Divorce can be a tumultuous process in New Jersey, especially when two people cannot see eye-to-eye on how best to split their assets. It is for this reason that postnuptial agreements are drawing more attention these days. A postnuptial agreement is a contract that two people sign after becoming married; the contract spells out their financial obligations and rights if they end up getting a divorce.
Postnuptial agreements are like prenuptial agreements except that prenuptial agreements are entered into before marriage, at a time when two people are not financially obligated to each other. The benefit of a postnuptial agreement is that, since it settles financial questions, it gives two married people freedom to deal with messier issues that may be undermining their marriage. For instance, in the event that one spouse suffers mental illness or engages in infidelity, the family does not have to focus on issues such as the division of assets, parental access and custody, or child support; instead, they can concentrate on repairing any damage done to the family as a result of the infidelity or mental illness.
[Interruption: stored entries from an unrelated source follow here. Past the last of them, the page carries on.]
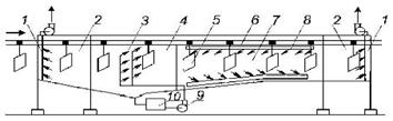 1 - воздушные завесы; 2 - входной и выходной тамбуры; 3 - контур с соплами; 4 - камера облива; 5 - изделие; 6 - конвейер; 7 - паровой туннель; 8 - рециркуляционная вентиляция; 9 - насос; 10 - красочный бак.
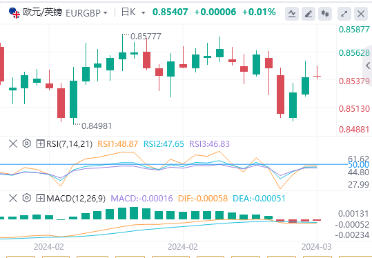 3月13日,周三欧市初盘,欧元/英镑在0.8550下方走高。英国数据好坏参半,该交叉盘随之走高。截至记者发稿时,欧元/英镑报0.8544,日内上涨0.04%。
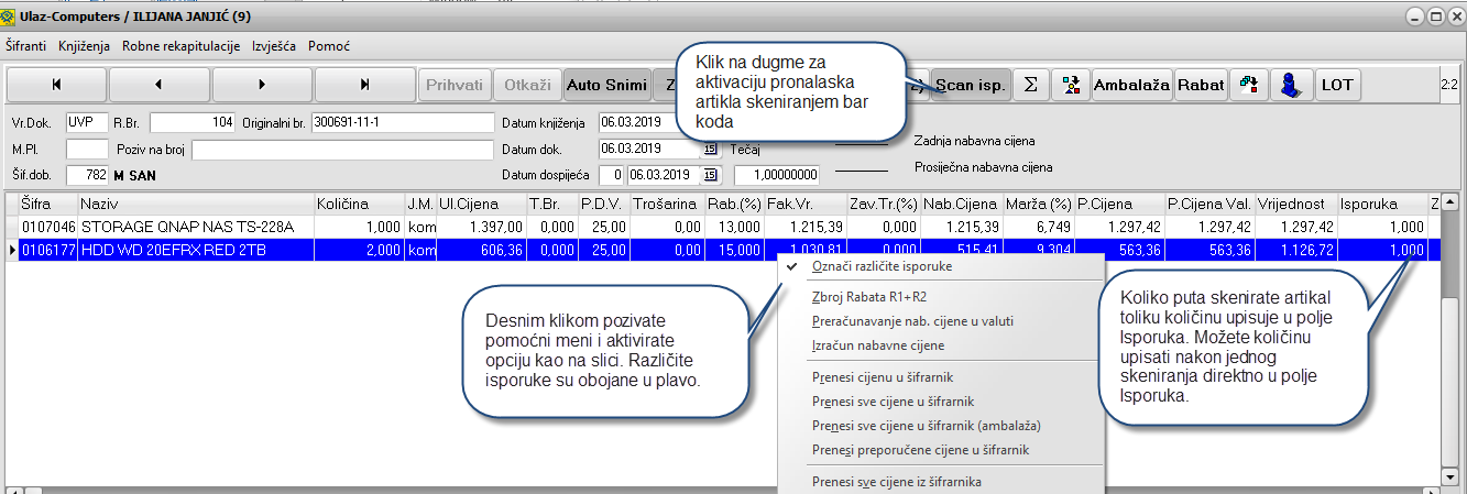 Nakon aktivacije u gornjem desnom kutu bar kod čitačem očitate artikle i program u polje isporuke upisuje učitanu količinu. Ukoliko primjerice imate 5 istih arikala potrebno je 5 puta bar kod čitačem kliknuti na bar kod artikla - očitati artikal i u polje isporuke će se upisati broj 5. Možete količinu upisati i ručno nakon prvog skeniranja, kako god Vam je praktičnije. - Da bi dobili informaciju ima li na nekim artiklima razlike između unešene količine po dokumentu i količine koja je skenirana bar kod čitačem i upisana u polje isporuke potrebno je desnim klikom miša pozvati prozor pomoćnog menija te aktivirati opciju „Označi različite isporuke“. Pokretanjem ove opcije program plavom bojom označi artikle kod kojih se količine razlikuju. Kao na slici dolje.
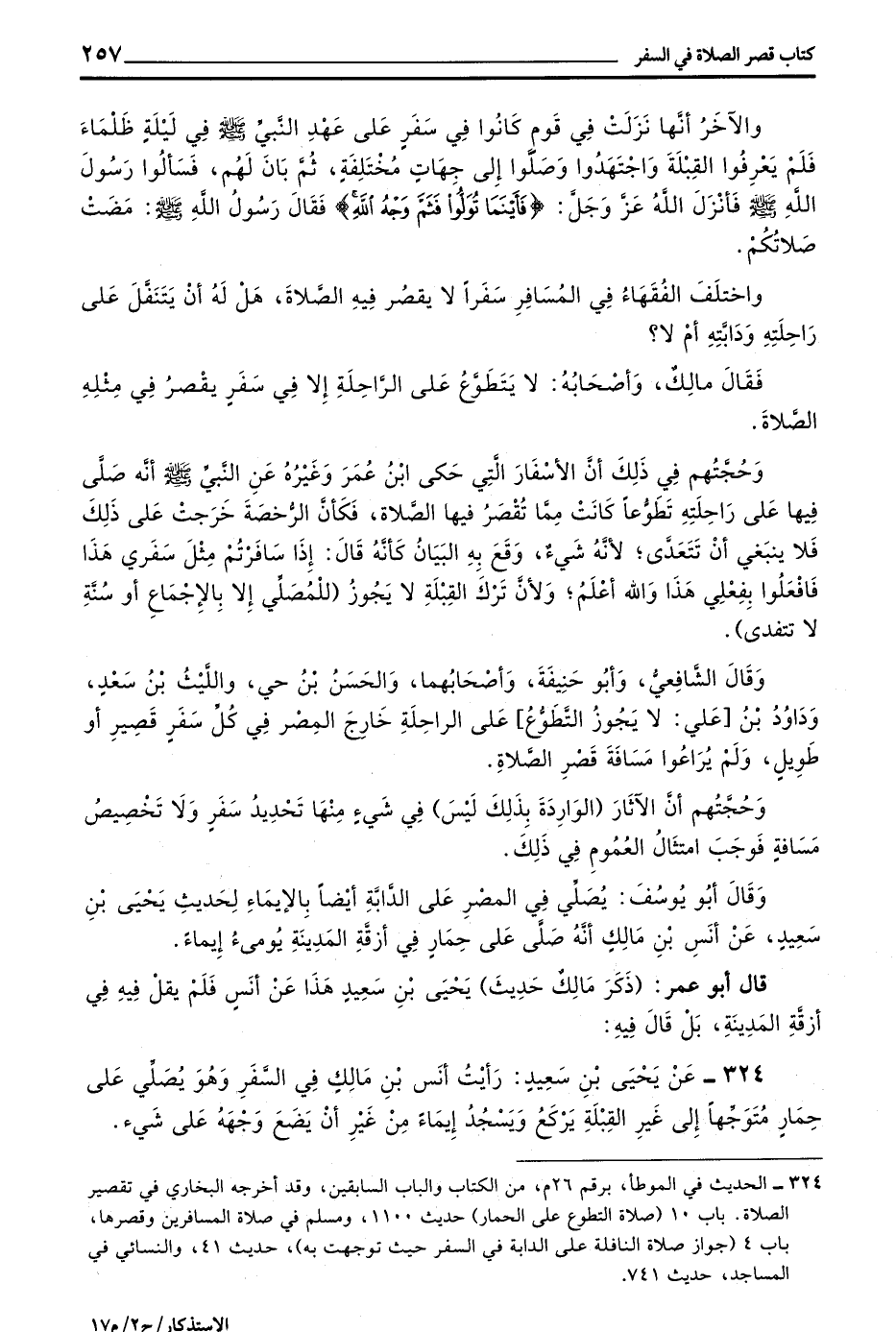 قَالَ أَبُو عُمَرَ (ذَكَرَ مَالِكٌ حَدِيثَ) يَحْيَى بْنِ سَعِيدٍ هَذَا عَنْ أَنَسٍ فَلَمْ يَقُلْ فِيهِ فِي أَزِقَّةِ الْمَدِينَةِ بَلْ قَالَ فِيهِ 324 عَنْ يَحْيَى بْنِ سَعِيدٍ رَأَيْتُ أَنَسَ بْنَ مَالِكٍ فِي السَّفَرِ وَهُوَ يُصَلِّي عَلَى حِمَارٍ مُتَوَجِّهًا إِلَى غَيْرِ الْقِبْلَةِ يَرْكَعُ وَيَسْجُدُ إِيمَاءً مِنْ غَيْرِ أَنْ يَضَعَ وَجْهَهُ على شيء
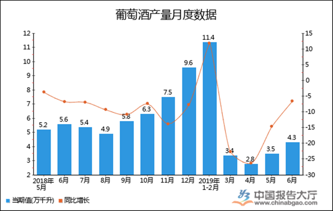 根據(jù)中國(guó)報(bào)告大廳對(duì)2019年1-6月全國(guó)葡萄酒產(chǎn)量進(jìn)行監(jiān)測(cè)統(tǒng)計(jì)顯示:2019年6月全國(guó)葡萄酒產(chǎn)量4.3萬(wàn)千升,同比下降6.5%,2019年1-6月全國(guó)葡萄酒產(chǎn)量為24.5萬(wàn)千升,累計(jì)下降19.9%。
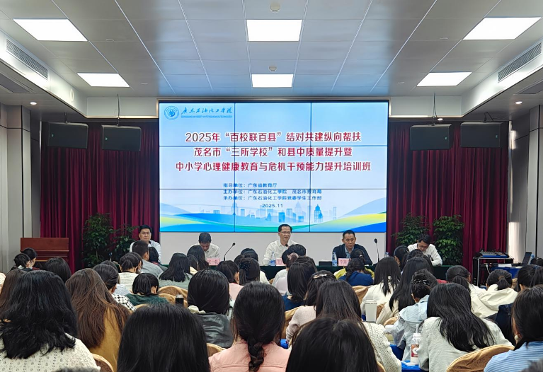 2025年11月6日—7日,广东石油化工学院与茂名市教育局联合主办2025年秋季茂名市中小学生心理危机干预能力提升培训班,来自全市的100多名中小学心理教师参加培训,由广州大学路红教授、岭南师范学院心理中心卢伊颖主任等省内专家学者授课。
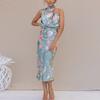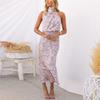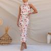 Vintage elegancki nadruk satynowe sukienki damskie letnie szaty bez rękawów seksowna kwiecista sukienka kobieta linia nocna impreza Halter sukienki 25768
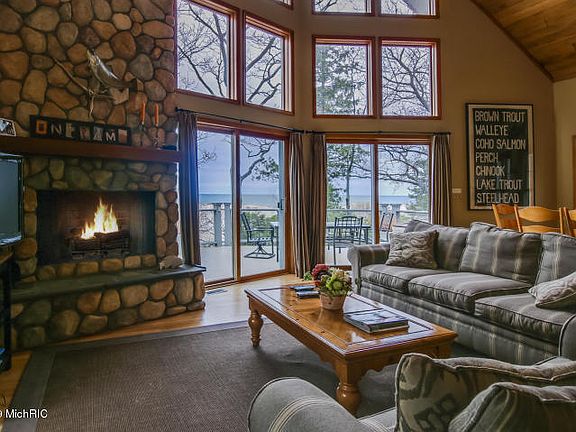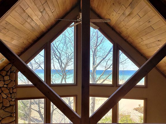 Beautiful, beachfront home on Lake Michigan with Portage Lake less than a block to the east. Watch sunrise over Portage Lake & sunset over Lake Michigan. This modern 7 bedroom, 3.5 bath home sits at the very end of the Portage Point Peninsula. Miles of fine sand beaches on Lake Michigan right in front of the home. Wooded dunes surround the north and east sides. No neighbors in sight creates a private setting. The beach is handicap accessible from the home. Boat slips available at the Portage Point Inn and Marina as well as beach club memberships allowing access to the pool and hot tub, located just a half mile away. Less than a block away is the Portage Lake Yacht Club with sunfish sailing lessons and a tennis court. A great investment and a high income generator as a vacation rental.
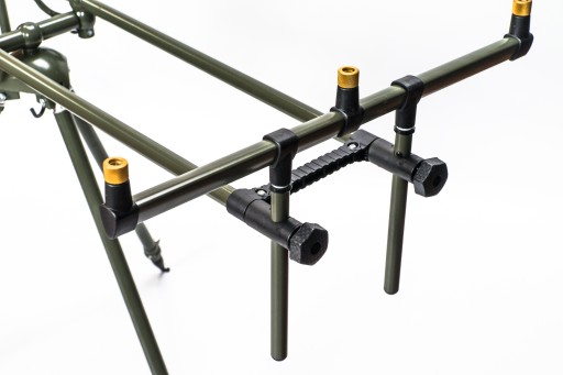 - Stanowisko karpiowe na 3 wędki. W pełni regulowane, praktyczne, sztywne, można ustawiać na terenie płaskim jak i pochyłym. Trzy teleskopowe nogi zapewniają dużą stabilność oraz wiele możliwości ustawień.

In order for a postnuptial agreement to be able to be enforced, it must be entered into voluntarily. In addition, it cannot be totally unfair. It also has to be the result of accurate and full disclosure by both parties regarding their incomes, liabilities and assets.
Even if a couple in New Jersey never entered into a postnuptial agreement, they can still avoid litigation if they decide to get divorced. Divorce mediation allows couples to resolve matters such as asset distribution without involving the court. In such a situation, both parties have the right to seek a settlement that is fair and in their own best interests.